The biggest risks related to COP come from the fact that oil and gas often come from unstable regions of the world. You might remember the civil war in Libya last year or so that shut down oil production. COP has the majority of its long-term assets in OEDC (organization of economically developed countries) countries, which should work to lower its international risk. Oil and gas remain finite resources, so if COP cannot replenish its reserves by finding new ones, eventually it will run out of oil and gas – but this is a very long term risk and not one that I would be particularly concerned with at this time.
COP Valuation Panel
The Graham number represents one very simple way to value a stock. The Graham number for COP is $77.11. The current stock price is well above that, suggesting that COP may be undervalued at the moment.

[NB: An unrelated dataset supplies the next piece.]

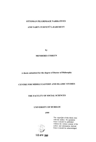 Ottoman pilgrimage narratives and Nabi s Tuhfetu l-Haremeyn.
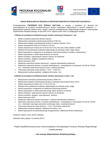 ZAKUP MODUŁÓW DO PRODUKCJI ARCHITEKTONICZNYCH STRUKTUR PLECIONYCH Przedsiębiorstwo PROGRESS ECO SPÓŁKA AKCYJNA, w związku z projektem pn. Budowa linii technologicznej do produkcji architektonicznych struktur metalowych realizowanym w ramach Działania 1.1 – Bezpośrednie wsparcie sektora mikro, małych i średnich przedsiębiorstw, Regionalnego Programu Operacyjnego Województwa Świętokrzyskiego na lata 2007-2013, ogłasza nabór ofert na następujące dostawy: 1) Moduł do produkcji architektonicznych struktur plecionych linkowych 1 szt. • • • • • • • • • • • • • • • Moduł umoŜliwia wykonanie struktur tkanych Maksymalna szerokość produkowanej struktury 4100 mm Maksymalna długość produkowanej struktury w jednym odcinku 170 m Zakres stosowanych linek od fi 0,45 do fi 3,0 mm Zakres stosowanych drutów od fi 0,20 do fi 5,0 mm oraz rurki, taśmy płaskie i profile MoŜliwa forma podawania materiału wejściowego do produkcji: pręty, kręgi, szpule Moduł wyposaŜony urządzenie do przewijania wykonanej struktury na bębny transportowe. Moduł wyposaŜany w układ cięcia struktury na wymiar Moduł umoŜliwia wykonywanie róŜnych wzorów na strukturze Moduł umoŜliwia wstępne wypręŜanie struktury. Moduł sterowany CNC MoŜliwość wykonania struktur plecionych o splocie holenderskim (skośnym) MoŜliwość wykonania struktur o oczkach kwadratowych , prostokątnych o wymiarach od 0,00 do 150,00 mm , moŜliwość wykonania róŜnych oczek w jednej strukturze Tolerancja wykonania oczka struktury +0,01 - +0,05 mm Maksymalna moŜliwa prędkość składania 60 drutów / min 2) Moduł do produkcji architektonicznych struktur plecionych z drutu 1 szt. • • • • • • • • • • • • • • Maksymalna szerokość produkowanej struktury 4000 mm. Maksymalna długość produkowanej struktury z jednego zamocowania drutu- 60 m. Zakres stosowanych drutów od fi 1,0 do fi 5,0 mm. MoŜliwa forma podawania materiału wejściowego do produkcji: pręty, kręgi,. Moduł wyposaŜony urządzenie do odbierania wykonanej struktury. Moduł wyposaŜany w układ automatycznego cięcia struktury na wymiar. Moduł umoŜliwia wykonywanie róŜnych wzorów na strukturze . Moduł umoŜliwia wstępne wyprostowanie struktury. Moduł sterowany CNC. MoŜliwość wykonania struktur plecionych o splocie holenderskim (skośnym). MoŜliwość wykonania struktur o oczkach kwadratowych , prostokątnych o wymiarach od 2,00 do 150,00 mm , moŜliwość płynnego wykonania zmiennego oczka w jednej strukturze. Tolerancja wykonania oczka struktury +/-0,01 dla drutów wzdłuŜnych . Maksymalna moŜliwa prędkość składania 30 drutów / min. Moduł wyposaŜony do automatycznego przygotowania i odbierania drutów wzdłuŜnych. Kryterium wyboru: cena, termin realizacji. WaŜność oferty upływa 12 kwietnia 2010 r. Projekt współfinansowany przez Unię Europejską z Europejskiego Funduszu Rozwoju Regionalnego i budŜet państwa … dla rozwoju Województwa Świętokrzyskiego… Zainteresowanych prosimy o kontakt: PROGRESS ECO S.A. Dobrów 7, 28-142 Tuczępy Tel. 015 864 62 70 Fax. 015 864 62 72 e-mail: [email protected] Osoba do kontaktu: Pan Paweł Waszczuk Projekt współfinansowany przez Unię Europejską z Europejskiego Funduszu Rozwoju Regionalnego i budŜet państwa … dla rozwoju Województwa Świętokrzyskiego…

Two Stage Dividend Discount Model
Using a risk free rate of 2%, an expected return of 10% and the beta of 1.1, the CAPM model provides a discount rate of 18.8%. Using an initial growth rate of 10% for 5 years and a slower growth rate of 7%, the two stage model produced a value of $29.47 I also tried this model with a discount rate of 9.9% and got $113.73.
Gordon Growth Dividend Discount Model
Using the 18.8% discount rate, this model returns a value of $29.04. Using a more conservative 10% discount rate we get a value of $261.36.
With the dividend discount models the choice of discount rate greatly affects the output of the model. Out of the five values generated, the median value is the $77.11 produced by the Graham number. I would use this value and consider COP undervalued.
COP Cash Secured Puts
COP has been on a tear since it’s spin off of PSX. The stock isn’t anywhere near its low at the moment, so I would be hesitant to sell a put against it.
Overall, I like COP and feel that it is appropriately valued and possibly even undervalued. I feel that this stock has many more years of dividend growth and capital appreciation in it. If energy stocks continue their strong historical gains then COP will continue to deliver. I would consider buying up some additional shares of COP.
Disclosure: I am currently long COP and PSX.
Readers: What are your opinions about ConocoPhillips?